Traditional subgroup analysis based on metadata can expose performance disparities only if the available metadata (e.g. patient sex) sufficiently reflects the main reasons for performance variability, which is not common.
Subgroup discovery techniques that identify cohesive subgroups based on learned feature representations appear as a potential solution: They could expose hidden stratifications and provide more granular subgroup performance reports.
However, subgroup discovery is challenging to evaluate even as a standalone task, as ground truth stratification labels do not exist in real data. Subgroup discovery has thus neither been applied nor evaluated for the application of subgroup performance monitoring. Here, we apply subgroup discovery for performance monitoring in chest x-ray and skin lesion classification. We propose novel evaluation strategies and show that a simplified subgroup discovery method without access to classification labels or metadata can expose larger performance disparities than traditional metadata-based subgroup analysis. We provide the first compelling evidence that subgroup discovery can serve as an important tool for comprehensive performance validation and monitoring of trustworthy AI in medicine.
Links to Paper and Supplementary Materials
Main Paper (Open Access Version): https://papers.miccai.org/miccai-2025/paper/0459_paper.pdf
SharedIt Link: Not yet available
SpringerLink (DOI): Not yet available
Supplementary Material: Not Submitted
Link to the Code Repository
https://github.com/alceubissoto/hidden-subgroup-perf
Link to the Dataset(s)
N/A
BibTex
@InProceedings{BisAlc_Subgroup_MICCAI2025,
author = { Bissoto, Alceu and Hoang, Trung-Dung and Flühmann, Tim and Sun, Susu and Baumgartner, Christian F. and Koch, Lisa M.},
title = { { Subgroup Performance Analysis in Hidden Stratifications } },
booktitle = {proceedings of Medical Image Computing and Computer Assisted Intervention -- MICCAI 2025},
year = {2025},
publisher = {Springer Nature Switzerland},
volume = {LNCS 15973},
month = {September},
page = {606 -- 615}
}
Reviews
Review #1
- Please describe the contribution of the paper
This paper evaluates subgroup discovery methods in medical applications. Its contributions include experimental and evaluation metric designs to validate the utility of DIMINO. The authors present interesting results, showing that DIMINO effectively discovers subgroups aligned with underlying valid subgroups.
- Please list the major strengths of the paper: you should highlight a novel formulation, an original way to use data, demonstration of clinical feasibility, a novel application, a particularly strong evaluation, or anything else that is a strong aspect of this work. Please provide details, for instance, if a method is novel, explain what aspect is novel and why this is interesting.

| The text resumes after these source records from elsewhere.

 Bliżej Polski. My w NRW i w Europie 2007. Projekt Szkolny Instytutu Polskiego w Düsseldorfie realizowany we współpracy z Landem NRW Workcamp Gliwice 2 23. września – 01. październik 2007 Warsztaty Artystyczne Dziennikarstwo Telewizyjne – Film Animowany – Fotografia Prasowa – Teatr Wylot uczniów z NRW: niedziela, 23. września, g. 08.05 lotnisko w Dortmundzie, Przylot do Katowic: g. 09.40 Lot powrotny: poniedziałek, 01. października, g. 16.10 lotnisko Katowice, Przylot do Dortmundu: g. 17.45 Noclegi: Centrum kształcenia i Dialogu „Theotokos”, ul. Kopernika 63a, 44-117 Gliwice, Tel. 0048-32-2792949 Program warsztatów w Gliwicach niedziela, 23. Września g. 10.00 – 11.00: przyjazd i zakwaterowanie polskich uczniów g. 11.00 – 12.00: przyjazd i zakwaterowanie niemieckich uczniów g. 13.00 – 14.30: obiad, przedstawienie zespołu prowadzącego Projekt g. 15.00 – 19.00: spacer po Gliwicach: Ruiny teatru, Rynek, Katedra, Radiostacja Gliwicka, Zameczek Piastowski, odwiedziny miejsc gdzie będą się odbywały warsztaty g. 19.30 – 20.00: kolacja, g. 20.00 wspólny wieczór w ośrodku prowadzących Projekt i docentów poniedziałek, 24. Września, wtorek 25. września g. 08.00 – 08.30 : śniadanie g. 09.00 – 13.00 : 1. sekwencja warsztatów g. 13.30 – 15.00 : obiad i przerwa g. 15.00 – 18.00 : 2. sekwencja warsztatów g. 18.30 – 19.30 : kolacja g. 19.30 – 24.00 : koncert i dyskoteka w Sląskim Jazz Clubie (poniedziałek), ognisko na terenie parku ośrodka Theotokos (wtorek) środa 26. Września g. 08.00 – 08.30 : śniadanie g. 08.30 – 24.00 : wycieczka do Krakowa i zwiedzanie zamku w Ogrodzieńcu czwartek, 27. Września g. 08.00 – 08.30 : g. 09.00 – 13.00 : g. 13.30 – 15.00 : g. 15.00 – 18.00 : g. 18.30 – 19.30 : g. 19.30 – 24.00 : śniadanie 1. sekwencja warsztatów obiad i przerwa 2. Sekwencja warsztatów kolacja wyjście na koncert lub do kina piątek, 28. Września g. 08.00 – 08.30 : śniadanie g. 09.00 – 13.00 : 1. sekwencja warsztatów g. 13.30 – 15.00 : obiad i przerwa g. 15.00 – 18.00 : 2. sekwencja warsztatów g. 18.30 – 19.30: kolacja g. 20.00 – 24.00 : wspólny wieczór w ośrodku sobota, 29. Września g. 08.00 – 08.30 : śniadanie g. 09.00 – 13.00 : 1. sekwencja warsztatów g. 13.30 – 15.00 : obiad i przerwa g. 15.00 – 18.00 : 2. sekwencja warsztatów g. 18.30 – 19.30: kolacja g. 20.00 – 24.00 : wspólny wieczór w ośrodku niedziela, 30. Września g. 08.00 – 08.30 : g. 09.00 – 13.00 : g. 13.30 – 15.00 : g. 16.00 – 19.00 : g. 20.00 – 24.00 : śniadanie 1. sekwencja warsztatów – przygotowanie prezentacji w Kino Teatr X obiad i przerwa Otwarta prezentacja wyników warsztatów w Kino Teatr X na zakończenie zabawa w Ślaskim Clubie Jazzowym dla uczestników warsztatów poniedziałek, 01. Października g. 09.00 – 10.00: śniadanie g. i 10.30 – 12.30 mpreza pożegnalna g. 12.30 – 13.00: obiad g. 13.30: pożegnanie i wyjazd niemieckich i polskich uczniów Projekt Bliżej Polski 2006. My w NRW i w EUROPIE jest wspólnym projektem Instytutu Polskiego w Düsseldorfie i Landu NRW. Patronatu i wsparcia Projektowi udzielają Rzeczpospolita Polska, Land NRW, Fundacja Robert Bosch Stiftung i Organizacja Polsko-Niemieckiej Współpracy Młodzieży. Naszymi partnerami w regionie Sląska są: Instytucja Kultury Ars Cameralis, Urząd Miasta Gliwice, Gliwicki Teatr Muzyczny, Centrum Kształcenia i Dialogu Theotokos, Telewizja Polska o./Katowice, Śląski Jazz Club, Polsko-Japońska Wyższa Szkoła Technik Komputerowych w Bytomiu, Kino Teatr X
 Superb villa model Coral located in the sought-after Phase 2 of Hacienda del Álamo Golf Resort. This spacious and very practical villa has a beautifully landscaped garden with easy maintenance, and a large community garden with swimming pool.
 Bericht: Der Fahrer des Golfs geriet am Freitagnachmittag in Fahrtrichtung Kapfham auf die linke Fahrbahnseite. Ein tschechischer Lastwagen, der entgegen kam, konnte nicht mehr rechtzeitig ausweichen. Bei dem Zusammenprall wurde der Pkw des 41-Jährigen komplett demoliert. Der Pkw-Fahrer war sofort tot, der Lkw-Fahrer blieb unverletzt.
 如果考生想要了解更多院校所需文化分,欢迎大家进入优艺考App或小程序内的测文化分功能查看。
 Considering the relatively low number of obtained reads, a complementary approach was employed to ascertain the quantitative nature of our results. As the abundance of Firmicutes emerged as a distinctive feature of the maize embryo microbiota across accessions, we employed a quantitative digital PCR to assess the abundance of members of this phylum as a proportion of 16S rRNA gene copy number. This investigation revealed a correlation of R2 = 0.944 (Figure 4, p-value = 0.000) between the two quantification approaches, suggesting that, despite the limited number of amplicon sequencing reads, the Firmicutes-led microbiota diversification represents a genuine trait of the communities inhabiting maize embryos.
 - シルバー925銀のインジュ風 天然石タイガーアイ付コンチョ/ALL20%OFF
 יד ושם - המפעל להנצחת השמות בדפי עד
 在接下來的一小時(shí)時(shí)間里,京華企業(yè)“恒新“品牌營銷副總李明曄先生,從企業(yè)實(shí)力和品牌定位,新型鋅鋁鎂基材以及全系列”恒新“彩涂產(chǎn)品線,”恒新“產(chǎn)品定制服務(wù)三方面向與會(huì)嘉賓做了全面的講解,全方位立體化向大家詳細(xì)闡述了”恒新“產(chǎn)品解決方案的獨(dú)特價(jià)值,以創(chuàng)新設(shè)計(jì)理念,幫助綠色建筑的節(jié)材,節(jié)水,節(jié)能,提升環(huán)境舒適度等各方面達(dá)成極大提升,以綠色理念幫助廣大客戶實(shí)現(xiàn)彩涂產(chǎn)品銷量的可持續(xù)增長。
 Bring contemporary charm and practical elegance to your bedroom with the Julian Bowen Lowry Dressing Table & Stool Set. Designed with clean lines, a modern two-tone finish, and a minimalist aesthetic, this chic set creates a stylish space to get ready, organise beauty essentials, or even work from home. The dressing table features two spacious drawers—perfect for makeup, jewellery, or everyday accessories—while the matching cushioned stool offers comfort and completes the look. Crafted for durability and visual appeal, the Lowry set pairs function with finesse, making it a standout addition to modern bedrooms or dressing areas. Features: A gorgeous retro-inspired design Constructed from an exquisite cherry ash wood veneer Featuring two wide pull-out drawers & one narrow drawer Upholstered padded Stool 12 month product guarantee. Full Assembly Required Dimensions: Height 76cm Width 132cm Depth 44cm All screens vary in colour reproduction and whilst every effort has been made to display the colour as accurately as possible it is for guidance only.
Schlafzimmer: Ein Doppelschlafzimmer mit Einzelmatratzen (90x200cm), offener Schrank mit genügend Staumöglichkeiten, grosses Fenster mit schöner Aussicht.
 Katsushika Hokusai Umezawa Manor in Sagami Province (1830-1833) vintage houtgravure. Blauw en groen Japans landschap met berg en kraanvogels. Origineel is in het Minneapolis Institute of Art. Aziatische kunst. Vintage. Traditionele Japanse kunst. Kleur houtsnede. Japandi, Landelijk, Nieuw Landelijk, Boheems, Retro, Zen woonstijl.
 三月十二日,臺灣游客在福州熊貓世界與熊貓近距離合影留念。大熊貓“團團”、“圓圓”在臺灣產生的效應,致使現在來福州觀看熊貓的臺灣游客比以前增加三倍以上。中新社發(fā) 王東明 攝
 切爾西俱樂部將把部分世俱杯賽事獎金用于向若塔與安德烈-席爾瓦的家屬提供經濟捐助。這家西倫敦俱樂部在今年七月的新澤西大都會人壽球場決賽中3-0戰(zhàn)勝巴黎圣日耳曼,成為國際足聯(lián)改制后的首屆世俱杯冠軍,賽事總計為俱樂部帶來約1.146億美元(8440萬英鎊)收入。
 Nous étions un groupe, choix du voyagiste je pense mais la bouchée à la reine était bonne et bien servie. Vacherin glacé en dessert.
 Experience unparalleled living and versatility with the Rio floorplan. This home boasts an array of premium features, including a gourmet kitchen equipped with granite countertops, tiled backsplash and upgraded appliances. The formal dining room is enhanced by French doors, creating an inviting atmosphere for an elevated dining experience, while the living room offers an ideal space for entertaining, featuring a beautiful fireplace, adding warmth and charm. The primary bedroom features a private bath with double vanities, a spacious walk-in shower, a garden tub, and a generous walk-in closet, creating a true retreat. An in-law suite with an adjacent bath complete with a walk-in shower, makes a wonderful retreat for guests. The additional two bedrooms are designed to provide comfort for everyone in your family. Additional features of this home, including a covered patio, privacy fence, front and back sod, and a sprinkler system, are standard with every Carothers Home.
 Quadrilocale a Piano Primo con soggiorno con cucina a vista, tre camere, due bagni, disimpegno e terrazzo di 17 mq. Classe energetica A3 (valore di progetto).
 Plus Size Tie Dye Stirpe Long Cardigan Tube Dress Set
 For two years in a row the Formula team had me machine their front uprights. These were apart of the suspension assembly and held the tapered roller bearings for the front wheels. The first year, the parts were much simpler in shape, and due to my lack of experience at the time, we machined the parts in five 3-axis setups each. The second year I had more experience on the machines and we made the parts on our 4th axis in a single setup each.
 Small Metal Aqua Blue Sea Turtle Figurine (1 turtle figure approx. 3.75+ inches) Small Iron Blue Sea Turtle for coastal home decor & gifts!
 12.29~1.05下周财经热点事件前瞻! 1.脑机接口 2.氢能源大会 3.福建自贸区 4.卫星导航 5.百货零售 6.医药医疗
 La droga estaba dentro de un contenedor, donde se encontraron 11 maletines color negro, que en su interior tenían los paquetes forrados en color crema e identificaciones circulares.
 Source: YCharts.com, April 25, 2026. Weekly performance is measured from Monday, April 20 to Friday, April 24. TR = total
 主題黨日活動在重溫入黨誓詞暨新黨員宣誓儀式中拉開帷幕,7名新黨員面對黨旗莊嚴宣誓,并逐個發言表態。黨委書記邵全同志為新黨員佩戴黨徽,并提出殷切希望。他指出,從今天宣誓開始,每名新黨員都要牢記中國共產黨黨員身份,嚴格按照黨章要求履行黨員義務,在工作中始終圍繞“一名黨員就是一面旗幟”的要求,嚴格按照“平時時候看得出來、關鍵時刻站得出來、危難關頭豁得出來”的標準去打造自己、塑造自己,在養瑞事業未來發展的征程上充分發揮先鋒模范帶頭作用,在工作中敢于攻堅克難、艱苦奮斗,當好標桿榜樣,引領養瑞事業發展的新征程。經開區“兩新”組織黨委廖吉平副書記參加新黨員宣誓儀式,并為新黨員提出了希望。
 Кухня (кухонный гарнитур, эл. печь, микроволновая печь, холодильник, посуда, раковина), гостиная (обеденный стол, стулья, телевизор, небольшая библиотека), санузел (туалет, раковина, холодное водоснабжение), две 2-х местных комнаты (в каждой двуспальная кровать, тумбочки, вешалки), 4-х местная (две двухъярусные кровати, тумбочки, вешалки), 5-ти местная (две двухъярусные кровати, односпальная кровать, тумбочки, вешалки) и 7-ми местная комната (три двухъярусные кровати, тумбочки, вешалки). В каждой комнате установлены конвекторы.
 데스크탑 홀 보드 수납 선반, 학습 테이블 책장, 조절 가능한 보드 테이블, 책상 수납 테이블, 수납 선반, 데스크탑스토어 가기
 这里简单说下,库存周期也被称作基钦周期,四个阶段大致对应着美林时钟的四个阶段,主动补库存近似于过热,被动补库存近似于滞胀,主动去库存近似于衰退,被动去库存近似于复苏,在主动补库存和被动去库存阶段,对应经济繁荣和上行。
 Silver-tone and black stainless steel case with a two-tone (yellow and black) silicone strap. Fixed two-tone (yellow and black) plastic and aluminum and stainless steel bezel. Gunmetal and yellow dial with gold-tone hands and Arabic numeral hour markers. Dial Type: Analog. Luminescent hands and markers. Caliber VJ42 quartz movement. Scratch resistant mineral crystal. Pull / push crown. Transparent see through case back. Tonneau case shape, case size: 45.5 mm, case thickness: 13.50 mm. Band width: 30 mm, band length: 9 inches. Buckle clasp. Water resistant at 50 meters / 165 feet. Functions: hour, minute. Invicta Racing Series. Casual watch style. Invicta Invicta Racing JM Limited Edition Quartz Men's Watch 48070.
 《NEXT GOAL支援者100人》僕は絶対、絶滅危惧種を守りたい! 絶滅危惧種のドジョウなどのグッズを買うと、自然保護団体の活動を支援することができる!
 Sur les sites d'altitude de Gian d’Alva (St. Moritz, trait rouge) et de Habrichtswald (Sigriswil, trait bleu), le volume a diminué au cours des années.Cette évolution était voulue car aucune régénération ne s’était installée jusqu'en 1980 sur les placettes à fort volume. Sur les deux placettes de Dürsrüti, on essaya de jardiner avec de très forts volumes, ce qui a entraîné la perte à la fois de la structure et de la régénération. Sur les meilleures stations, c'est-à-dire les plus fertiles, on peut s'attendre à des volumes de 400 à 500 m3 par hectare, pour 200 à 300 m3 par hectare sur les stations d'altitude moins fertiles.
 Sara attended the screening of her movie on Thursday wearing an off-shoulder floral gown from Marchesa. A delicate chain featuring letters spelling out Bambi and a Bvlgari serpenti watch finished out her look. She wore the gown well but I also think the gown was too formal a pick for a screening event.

- The paper is well-written and well-organized.
- I enjoyed reading it, as it addresses an important and overlooked topic.
- The empirical results are solid and clearly presented.
- Please list the major weaknesses of the paper. Please provide details: for instance, if you state that a formulation, way of using data, demonstration of clinical feasibility, or application is not novel, then you must provide specific references to prior work.
- The abstract is somewhat vague and does not fully capture the manuscript’s contributions. Specifically, the phrase “novel evaluation strategies” could be clarified-presumably, it refers to experimental design.
- There is limited technical novelty, as the work is primarily an empirical study.
- Please rate the clarity and organization of this paper
Good
- Please comment on the reproducibility of the paper. Please be aware that providing code and data is a plus, but not a requirement for acceptance.
The submission has provided an anonymized link to the source code, dataset, or any other dependencies.
- Optional: If you have any additional comments to share with the authors, please provide them here. Please also refer to our Reviewer’s guide on what makes a good review and pay specific attention to the different assessment criteria for the different paper categories: https://conferences.miccai.org/2025/en/REVIEWER-GUIDELINES.html
N/A
- Rate the paper on a scale of 1-6, 6 being the strongest (6-4: accept; 3-1: reject). Please use the entire range of the distribution. Spreading the score helps create a distribution for decision-making.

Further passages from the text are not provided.